Ah yes, the post from the person who really wants to sound intellectual.
However, if I talk to someone and ask them for something and they consensually provide it, then the government has no right to influence that situation unless its willing to breach individual rights.
And when you two agree to dump your trash in my yard, the government shouldn't get involved, right? After all, you two made your own agreement.
No? Well, that's the situation here. The particulates from these stoves do not just remain around the person who buys the stove.
Banning wood burning stoves indifferent to zoning, population density, and frequency of use is actually pretty irrational.
You know what's more irrational? Thinking that a limit on particulates is "banning wood burning stoves". It is quite possible to make a wood burning stove that meets the new regulations. Most manufacturers did not bother until now, because they did not have to.
Banning them entirely is actually a really bad idea for a few reasons. One, many people will simply not follow the law and there is no means to actually enforce it. You're not going to inspect kitchens in rural house holds.

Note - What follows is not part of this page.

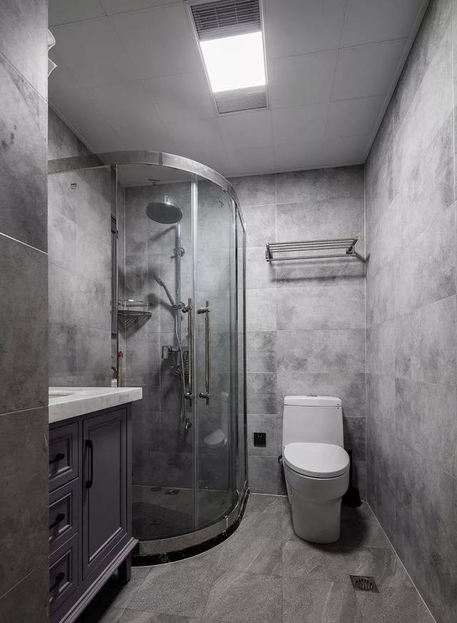 次衛的設計以實用為主,把淋浴房設計在了角落里,弧形的淋浴房更為節約空間,也更加的安全,灰色為主的次衛干凈利落。

You now what else is irrational? Believing that regulations on _new_ wood stoves would have to be enforced by inspecting _existing_ wood stoves.
The second problem with this law is that it hurts people that aren't hurting anyone else.
Except that those particulates aren't just remaining near those stoves.
Industrial particulates were pretty much not a problem east of the Mississippi. Why? Jet stream blew them East. That's why states in the Eastern 1/3rd of the country made a big deal about regulating them in the 70's, whereas most of the states in the West did not care.
He's in the middle of giant forest and has to keep brush clear of his property on a regular basis. That brush must be burned.
Nope, there's other disposal methods. Burning is just the cheapest.
And good news! He can keep using his old wood stove. Or if he buys a new one, it will put out fewer particulates.